▸ What to produce
Please output every line of the material as it stands, without the pictures.

▸ Dataset excerpt
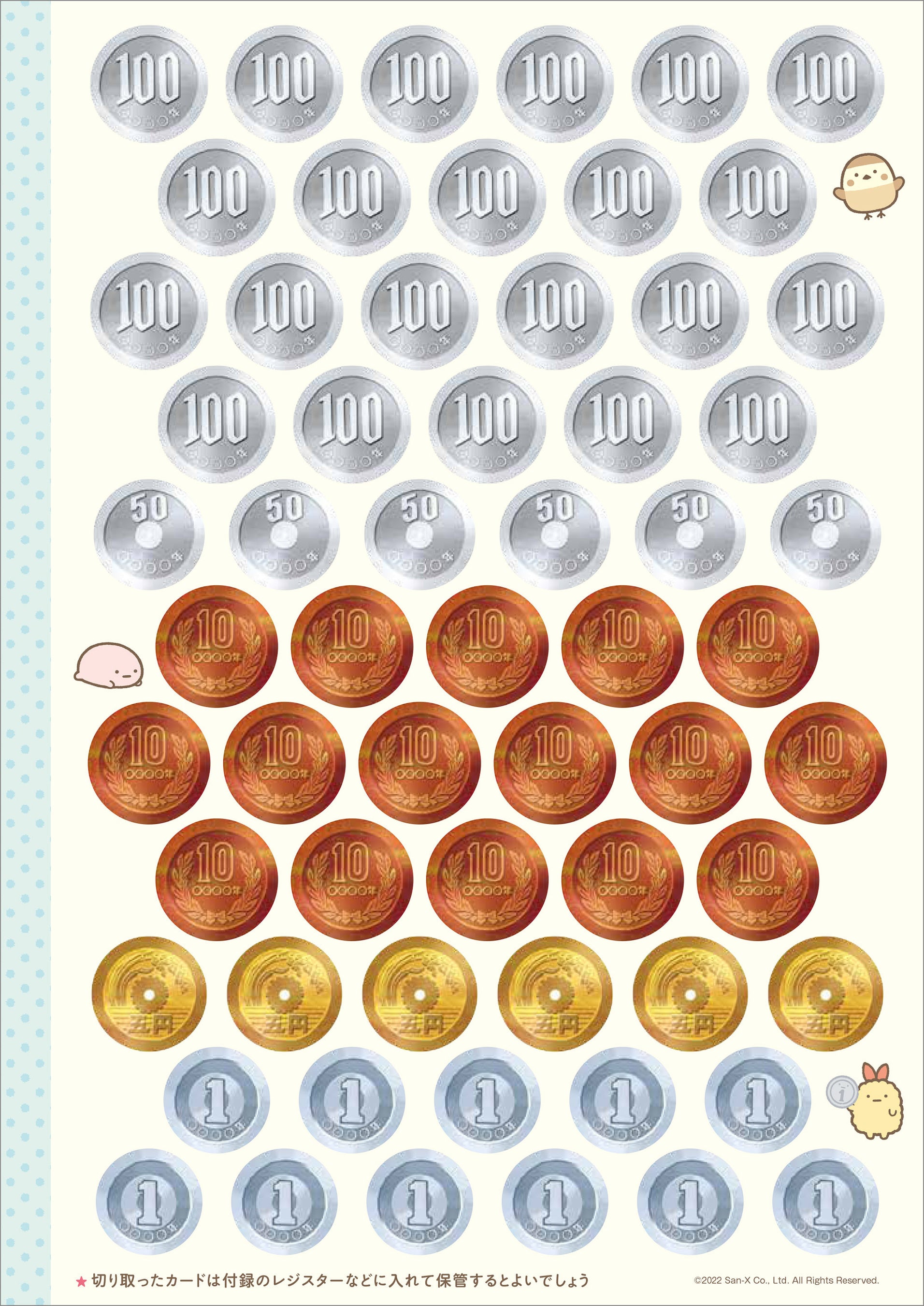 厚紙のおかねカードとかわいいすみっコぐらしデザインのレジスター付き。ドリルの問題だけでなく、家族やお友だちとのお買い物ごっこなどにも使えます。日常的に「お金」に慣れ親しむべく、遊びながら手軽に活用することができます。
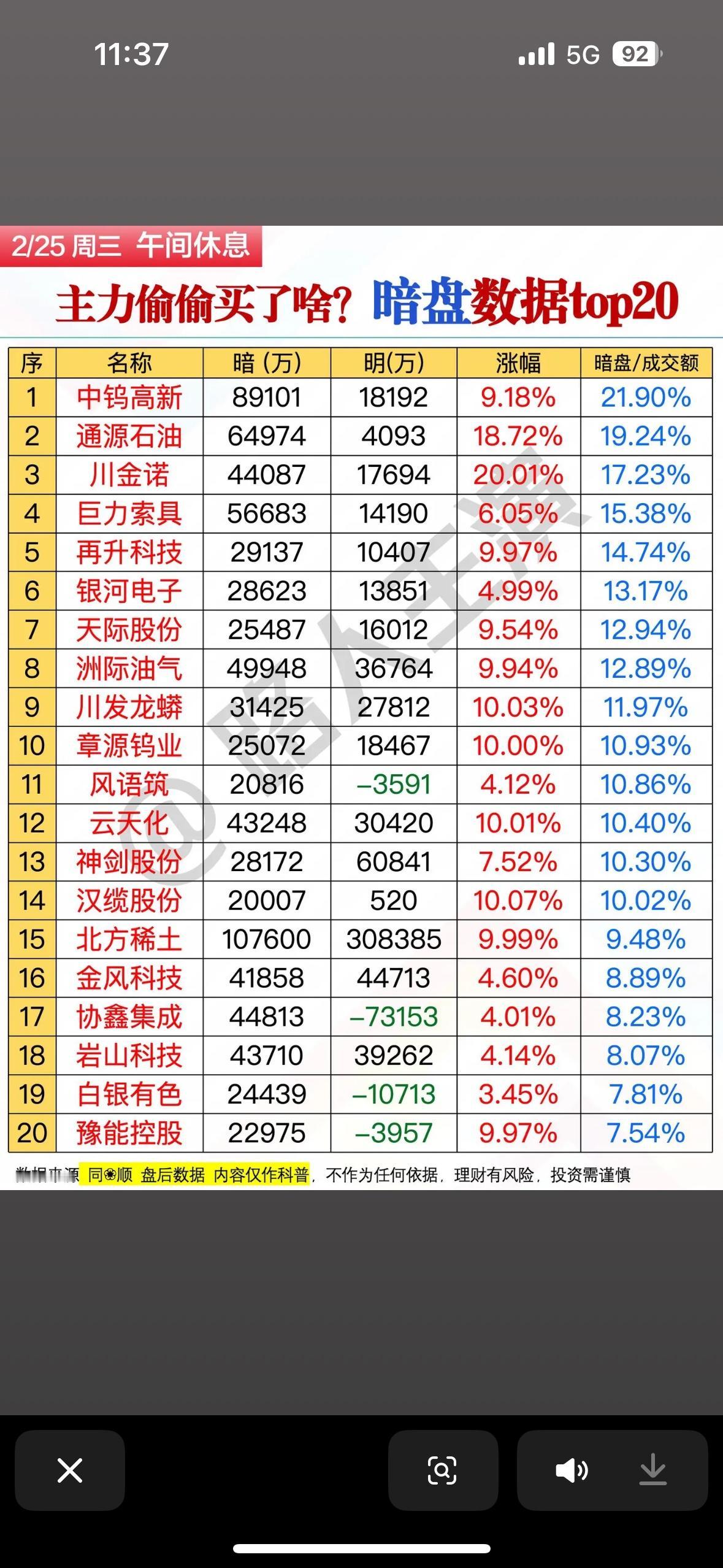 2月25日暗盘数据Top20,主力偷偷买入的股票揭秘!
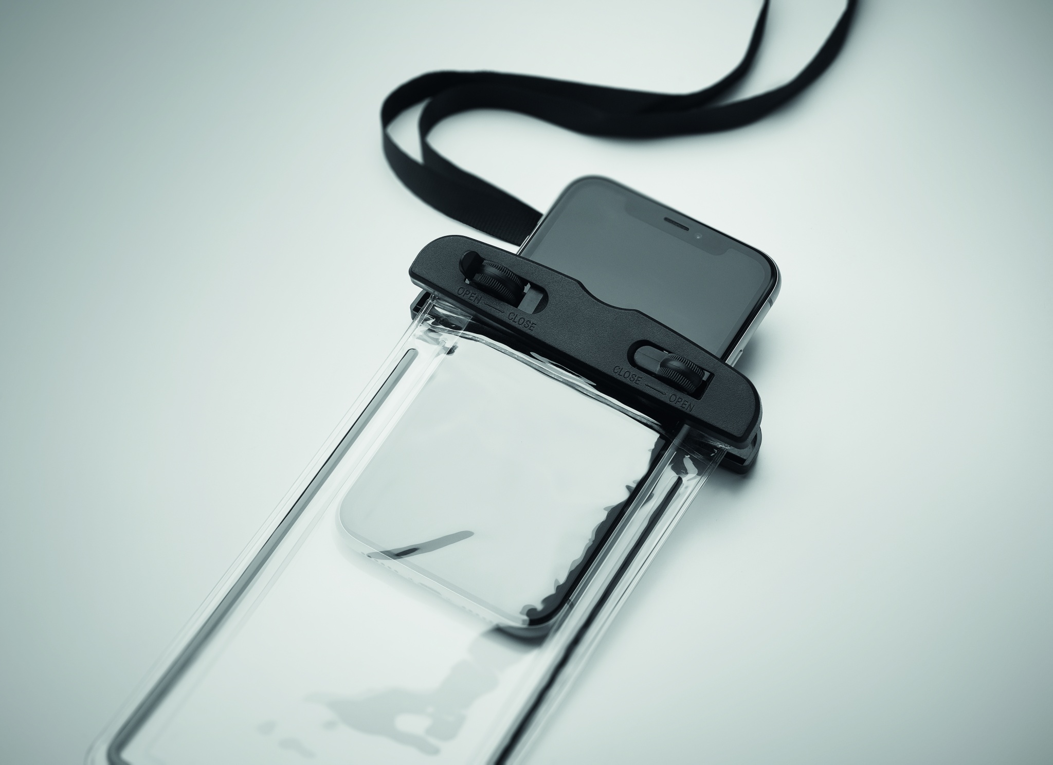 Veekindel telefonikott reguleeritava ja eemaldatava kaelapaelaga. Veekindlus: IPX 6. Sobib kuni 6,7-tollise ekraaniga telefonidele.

▸ Finished task
 厚紙のおかねカードとかわいいすみっコぐらしデザインのレジスター付き。ドリルの問題だけでなく、家族やお友だちとのお買い物ごっこなどにも使えます。日常的に「お金」に慣れ親しむべく、遊びながら手軽に活用することができます。
 2月25日暗盘数据Top20,主力偷偷买入的股票揭秘!
 Veekindel telefonikott reguleeritava ja eemaldatava kaelapaelaga. Veekindlus: IPX 6. Sobib kuni 6,7-tollise ekraaniga telefonidele.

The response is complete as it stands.